Via de regra, a lógica capitalista é feroz: uma empresa engole a outra (eufemisticamente se diz que se fizeram fusões). Quando se chega a um ponto em que só restam apenas algumas grandes, elas mudam a lógica: ao invés de se guerrearem, fazem entre si uma aliança de lobos e comportam-se mutuamente como  cordeiros. Assim articuladas, detêm mais poder, acumulam com mais certeza para si e para seus acionistas, desconsiderando totalmente o bem da sociedade.

A influência política e econômica que exercem sobre os governos, a maioria muito mais fracos que elas, é extremamente constrangedora, interferindo no preço das commodities, na redução dos investimentos sociais, na saúde, educação, transporte e segurança.
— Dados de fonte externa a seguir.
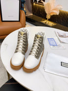 GG ankle boots white brown monogram canvas leather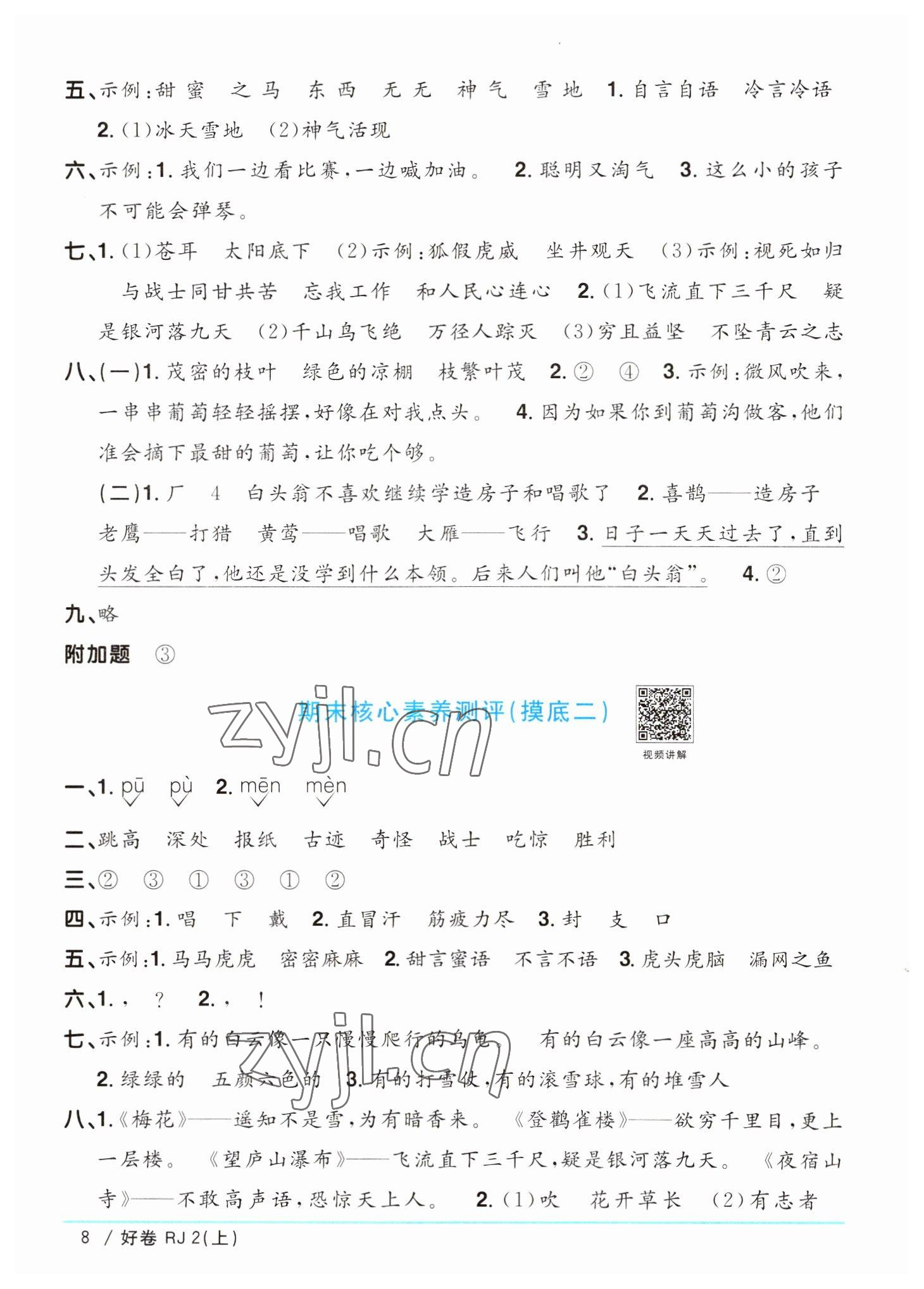 注:目前有些书本章节名称可能整理的还不是很完善,但都是按照顺序排列的,请同学们按照顺序仔细查找。练习册 2022年阳光同学一线名师全优好卷二年级语文上册人教版 答案主要是用来给同学们做完题方便对答案用的,请勿直接抄袭。

Os milhares que ocupam as ruas no mundo e no Brasil intuíram essa dominação de um novo tipo de império, feito sob o lema A ganância é boa (Greed is good) e “devoremos o que pudermos devorar”.

Há excelentes estudos sobre a dominação do mundo por parte das grandes corporações multilaterais. Conhecido é o de David Korten: Quando as corporações regem o mundo (When the corporations rule the world). Mas fazia falta  um estudo de síntese. Este foi feito pelo Instituto Suíço de Pesquisa Tecnológica (ETH), em Zurique, em 2011, que se conta entre os mais respeitados centros de pesquisa,competindo com MIT. O documento envolve grandes nomes, é curto, não mais de 10 páginas e 26 sobre a metodologia para mostrar a total transparência dos resultados. Foi resumido pelo professor de economia da PUC-SP Ladislau Dowbor em seu site (hppt://dowbor.org) Baseamo-nos nele.

Dentre os 30 milhões de corporações existentes, o Instituto selecionou 43 mil para estudar melhor a lógica de seu funcionamento. O esquema simplificado se articula assim: há um pequeno núcleo financeiro central que possui dois lados — de um,  são as corporações que compõem o núcleo e do outro, aquelas que são controladas por ele. Tal articulação cria uma rede de controle corporativo global. Esse pequeno núcleo (core) constitui uma superentidade(super entity). Dele emanam os controles em rede, o que facilita a redução dos custos, a proteção dos riscos, o aumento da confiança e, o que é principal, a definição das linhas da economia global que devem ser fortalecidas e onde.

Esse pequeno núcleo, fundamentalmente de grandes bancos, detém a maior parte das participações nas outras corporações. O topo controla 80% de toda rede de corporações. São apenas 737 atores, presentes em 147 grandes empresas. Ai estão o Deutsche Bank, o J.P. Morgan Chase, o UBS, o Santander, o Golden Sachs, o BNP Paribas, entre outros tantos. No final, menos de 1% das empresas controla 40% de toda rede.

Este fato nos permite entender agora a indignação dos Occupies  e de outros que acusam que 1% das empresas faz o que quer com os recursos suados de 99% da população. Eles não trabalham e nada produzem. Apenas fazem mais dinheiro com dinheiro lançado no mercado da especulação.

Foi esta absurda voracidade de acumular ilimitadamente que gestou a crise sistêmica de 2008. Esta lógica aprofunda cada vez mais a desigualdade e torna mais difícil a saída da crise. Quanto de desumanidade aguenta o estômago dos povos? Pois tudo tem seu limite, nem a economia é tudo. Mas agora nos é dado ver as entranhas do monstro. Como diz Dowbor: “A verdade é que temos ignorado o elefante que está no centro da sala”.  Ele está quebrando tudo, cristais, louças, e pisoteando pessoas. Mas até quando? O senso ético mundial nos assegura que uma sociedade não pode subsistir por muito tempo assentada sobre a superexploração, a mentira e a antivida.